Path: news.mathworks.com!not-for-mail
From: <HIDDEN>
Newsgroups: comp.soft-sys.matlab
Subject: Re: How to solve this non-convex quadratically constrained quadratic programming
Date: Thu, 19 Apr 2012 15:35:13 +0000 (UTC)
Organization: Xoran Technologies
Lines: 19
Message-ID: <jmpbbh$n13$1@newscl01ah.mathworks.com>
References: <3072521.689.1334707719706.JavaMail.geo-discussion-forums@ynmm9> <jmljp0$jbi$1@newscl01ah.mathworks.com> <16329087.1512.1334757550839.JavaMail.geo-discussion-forums@ynmm10> <jmofmi$q63$1@newscl01ah.mathworks.com>
Reply-To: <HIDDEN>
NNTP-Posting-Host: www-02-blr.mathworks.com
Content-Type: text/plain; charset=UTF-8; format=flowed
Content-Transfer-Encoding: 8bit
X-Trace: newscl01ah.mathworks.com 1334849713 23587 172.30.248.47 (19 Apr 2012 15:35:13 GMT)
X-Complaints-To: news@mathworks.com
NNTP-Posting-Date: Thu, 19 Apr 2012 15:35:13 +0000 (UTC)
X-Newsreader: MATLAB Central Newsreader 1440443
Xref: news.mathworks.com comp.soft-sys.matlab:765193

"David Epstein" <David.Epstein.spam@remove.warwick.ac.uk> wrote in message <jmofmi$q63$1@newscl01ah.mathworks.com>...
>
> I had a quick look at Bruno's code, but I didn't understand it. I assume it's a very good implementation of Lagrange Multipliers, applied to this particular situation. So it seems like an excellent start, though it doesn't seem all that likely that changing only one or two lines would be much of a help. I'm probably thinking too much like a pure mathematician. A lot depends on where your X comes from.
====================

I also don't understand it.
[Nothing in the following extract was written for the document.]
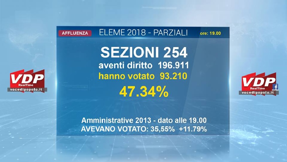 Il competente Ufficio del Servizio elettorale regionale, ha diffuso i dati relativi all’affluenza dei cittadini ai  254 seggi dislocati nella città di Messina. La percentuale raggiunta fino  a questo momento (ore 19) è pari al 47,34% degli aventi diritto al voto.

I can see that the code is recasting the problem as

min. x'*H*x-g'*x
s.t. norm(x)*2=1

The Lagrange Multiplier equations for this, I find to be

(H-lambda*I)*x=g

It is also clear to me that the required lambda will be the optimal objective function value, so minimizing or maximizing lambda corresponds to minimizing or maximizing the objective.

However, I cannot see how the above Lagrange multiplier equations are equivalent to the quadratic eigenvalue problem

(  (H*H - g*g') + (-2*H)*lambda + I*lambda^2 )*x=0